▶ _What you have to do_
Once the pictures are set aside, repeat all of the data below exactly.

▶ _Source data_
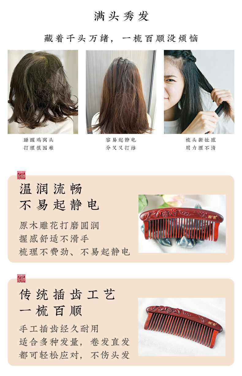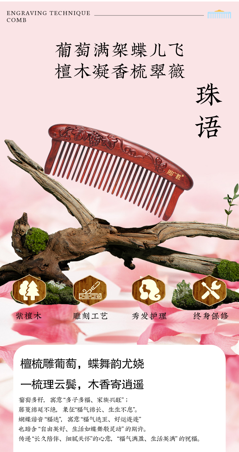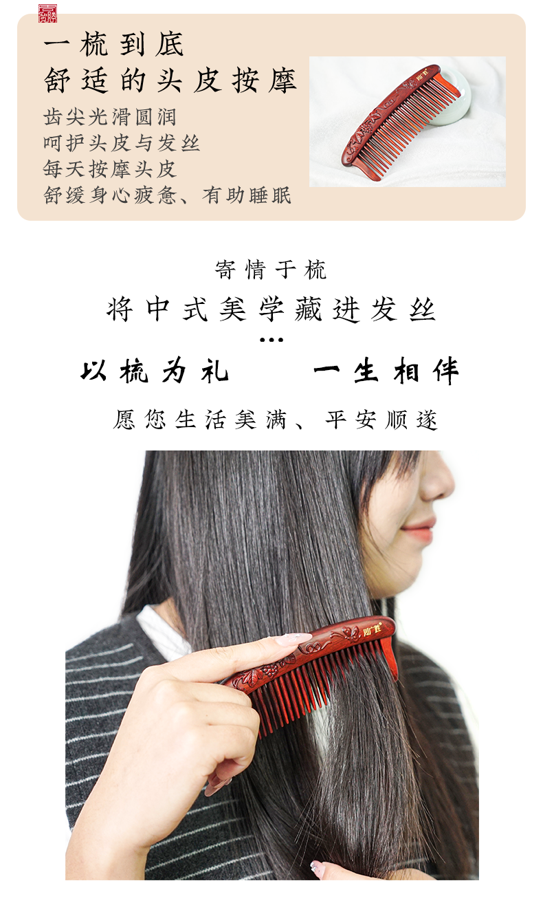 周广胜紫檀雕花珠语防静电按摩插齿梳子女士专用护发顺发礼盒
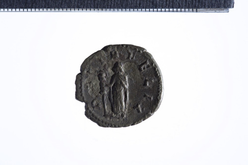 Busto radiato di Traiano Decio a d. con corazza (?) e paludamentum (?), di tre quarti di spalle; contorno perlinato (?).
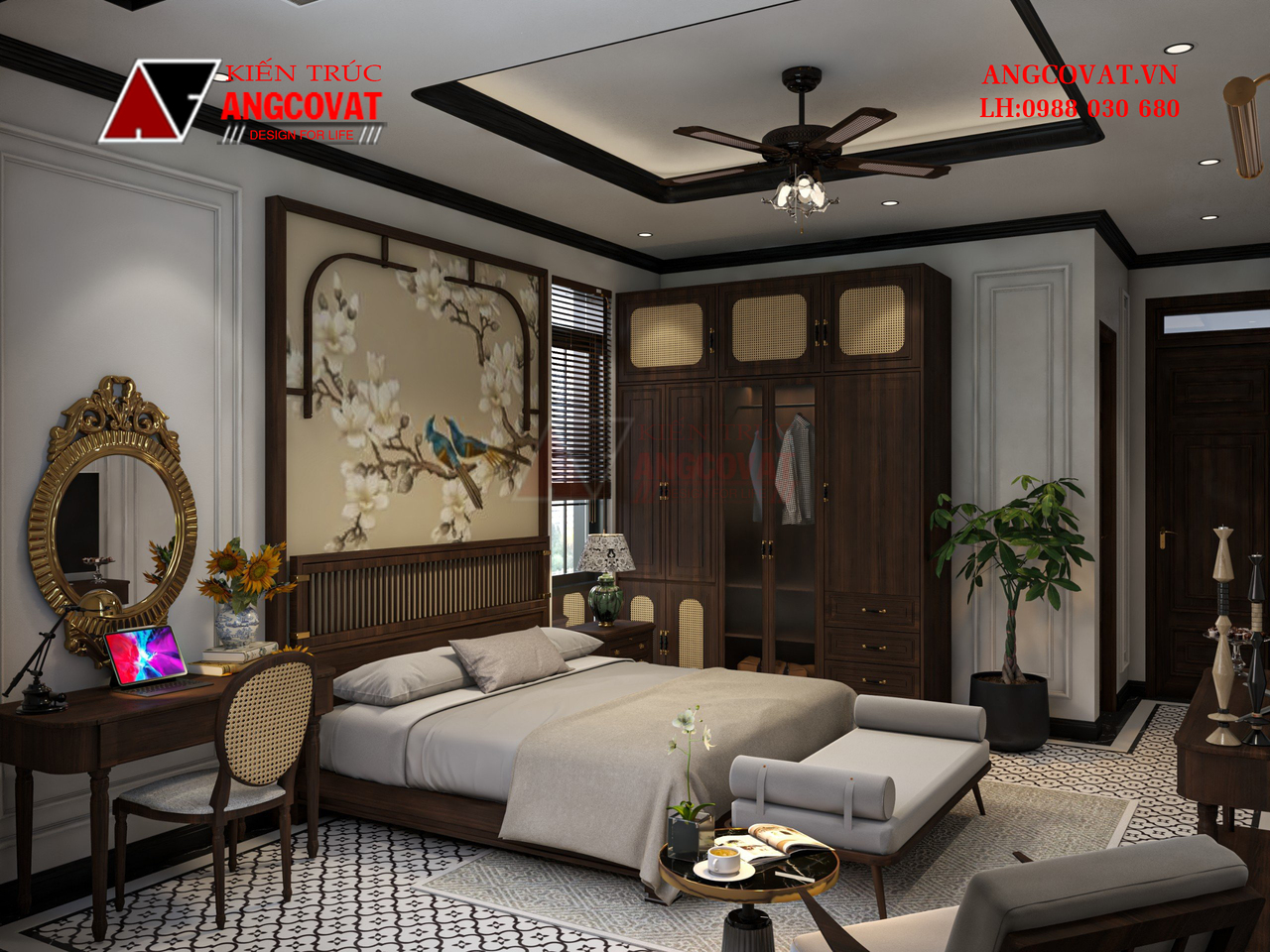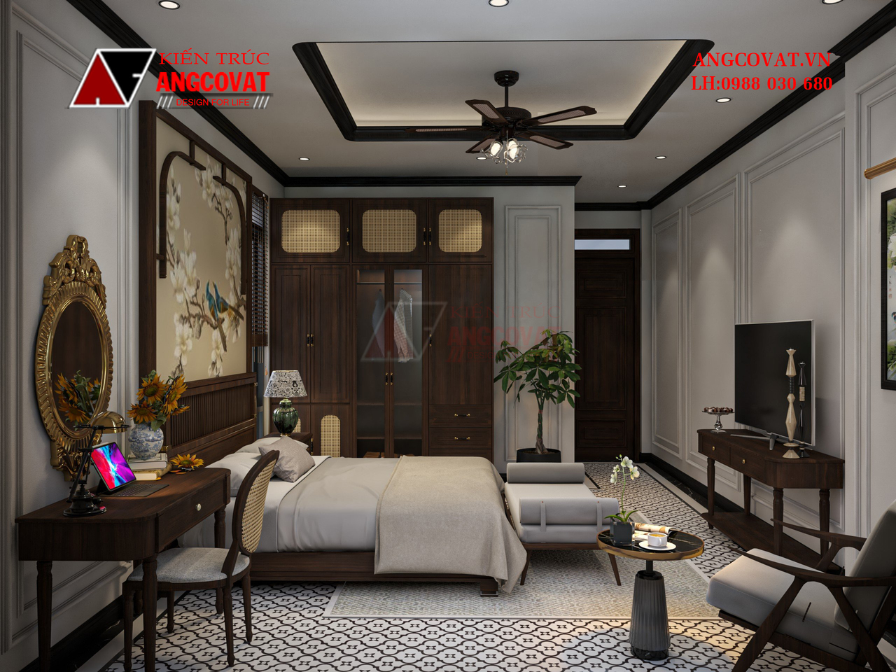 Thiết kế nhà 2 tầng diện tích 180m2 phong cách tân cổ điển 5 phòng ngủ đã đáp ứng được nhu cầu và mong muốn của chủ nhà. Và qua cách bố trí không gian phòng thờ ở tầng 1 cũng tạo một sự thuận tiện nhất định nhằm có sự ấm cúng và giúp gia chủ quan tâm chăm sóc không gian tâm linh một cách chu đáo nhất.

▶ _The completed task_
 周广胜紫檀雕花珠语防静电按摩插齿梳子女士专用护发顺发礼盒
 Busto radiato di Traiano Decio a d. con corazza (?) e paludamentum (?), di tre quarti di spalle; contorno perlinato (?).
 Thiết kế nhà 2 tầng diện tích 180m2 phong cách tân cổ điển 5 phòng ngủ đã đáp ứng được nhu cầu và mong muốn của chủ nhà. Và qua cách bố trí không gian phòng thờ ở tầng 1 cũng tạo một sự thuận tiện nhất định nhằm có sự ấm cúng và giúp gia chủ quan tâm chăm sóc không gian tâm linh một cách chu đáo nhất.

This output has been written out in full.